The issue whether the Illinois common law of conversion comprehends unauthorized transmission of television images remains unresolved. Until it is resolved, however, this court adheres to its view in Maraffino that it does not. First, American National Insurance Company, although arising in a different context, has greater authority over this court than any other of the cited cases. Second, the tort of conversion, traditionally applicable to tangible, identifiable property, at least assumes that the property converted can be returned (even confidential information can be returned).

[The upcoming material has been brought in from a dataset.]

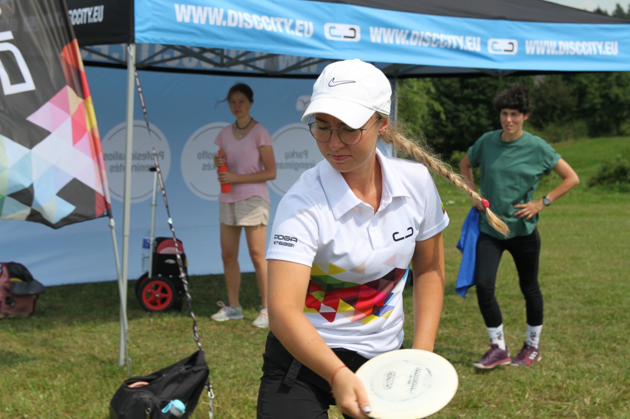Moterų divizione aktyvi kova taip pat vyksta tarp dviejų sezono lyderių – Miretos Jurgelevičiūtės (DiscCity komanda, Jonavos raj.) ir klaipėdietės Oksanos Žukauskienės. Per pirmus keturis etapus jos abi buvo pasiekusios po dvi pergales. Šį kartą vėl savo pranašumą įrodė daugkartinė Lietuvos čempionė ir taurės laimėtoja M. Jurgelevičiūtė. O. Žukauskienė nuo jos atsilikusi 6 taškais užėmė antrą vietą. Trečiąją iškovojo vilnietė Svetlana Kobec, tik paskutiniame krepšyje vienu tašku aplenkusi parko „šeimininkę“ Ievą Navickaitę (Zarasų raj.). Dvi sezono lyderės pratęs savo kovą dėl moterų taurės paskutiniuose dviejuose etapuose. Kol kas pirmaujančiai M. Jurgelevičiūtei užtenka pergalės viename iš jų, kad užsitikrinti pirmąją vietą bendroje įskaitoje.

Indeed, one element of the claim is that the plaintiff has an absolute and unconditional right to the immediate possession of the property. See note 4, supra. But television images are intended to be broadcast. If they were not, there would be no television industry. The issue here is simply whether the defendants paid for what they used. In this court's judgment, this is not conversion but breach of contract or violation of a statute for which a penalty attaches. Joe Hand does not state a claim for conversion.
CONCLUSION AND ORDER
Defendants' motion to dismiss Counts I and II is withdrawn. The motion to dismiss Count III of the complaint is granted.